In the monkey it has been shown that spatial variations in depth along surfaces, which we shall hereafter refer to as “depth structure,” are processed in areas TEs and AIP, which house neurons selective for second-order disparity (Janssen et al., 1999, 2000; Srivastava et al., 2006, 2007). By “second-order disparity,” we refer to surfaces curved in depth, and by “first-order disparity,” to surfaces slanted in depth. Since the TEs and AIP neurons are also selective for 2D shape in frontoparallel planes, they carry all the information needed to represent 3D shape from stereo. Using fMRI in the awake monkey we showed that these two regions are sensitive to the interaction between surface order and disparity, responding more to binocular curved 3D surfaces than to binocular flat surfaces at different depths, relative to their respective monocular controls (Durand et al., 2007; Joly et al., 2007). We thus have a MR signature for second-order disparity-selective neurons and the aim of the present experiments is to use this signature in human subjects to chart the regions of the human brain that may house similar neurons.
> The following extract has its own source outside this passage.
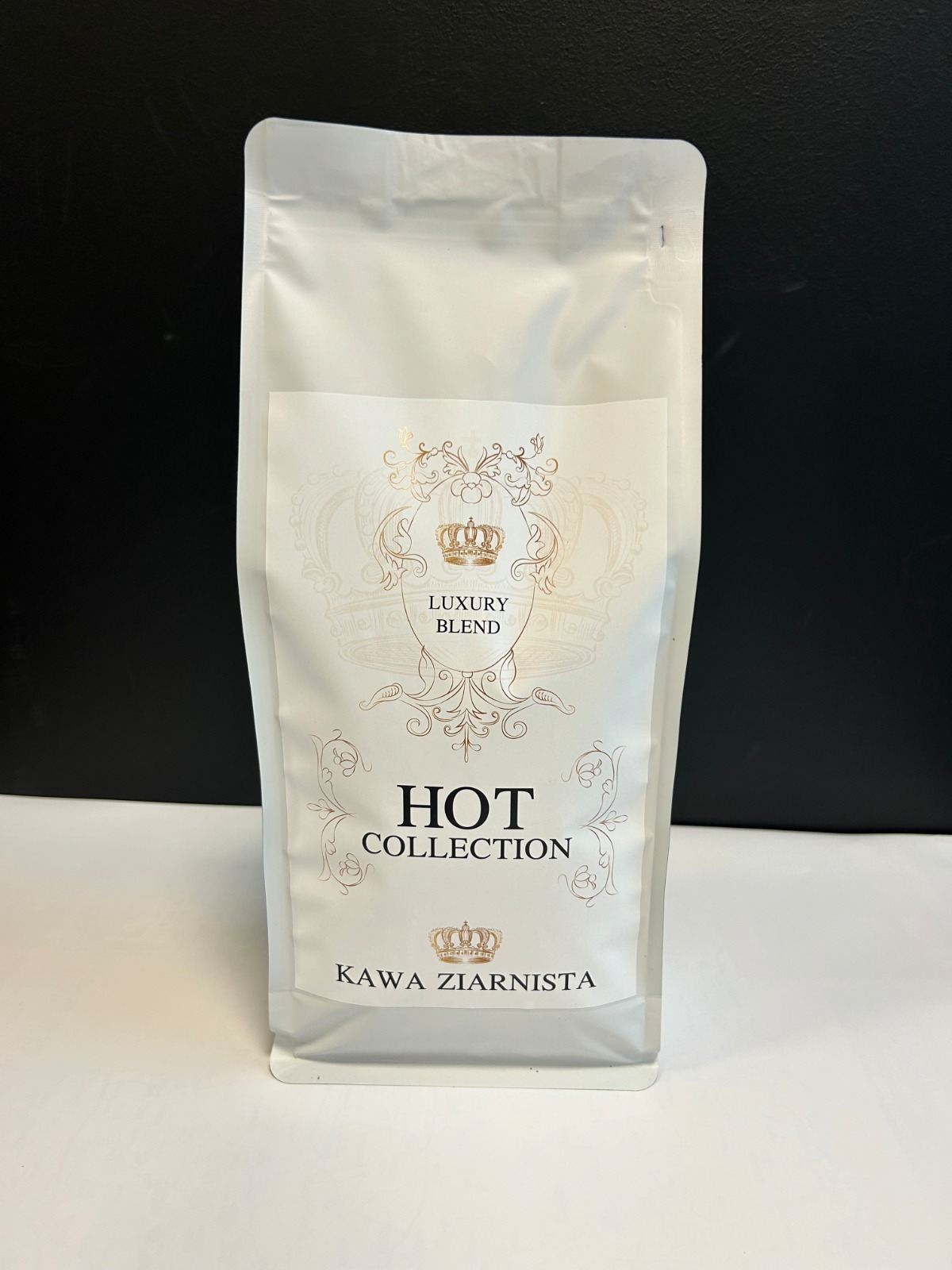 Kawa pakowana jest w estetyczne opakowanie typu Flat Bottom White, które zapewnia wygodne przechowywanie oraz dłuższą świeżość ziaren.
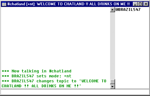 Here is a visual example of what a new channel looks like when you have just started it in mIRC under Microsoft Windows. Keep in mind, channel names cannot have spaces in them.

We presented exactly the same stimulus conditions to human subjects as those used in the monkey fMRI including the stereo conditions and their controls and conditions testing for 2D shape sensitivity (Kourtzi and Kanwisher, 2000; Denys et al., 2004). It is worth pointing out that in the monkey we also have an MR signature for first order selective neurons (Durand et al., 2007), but this was not used in the present experiments.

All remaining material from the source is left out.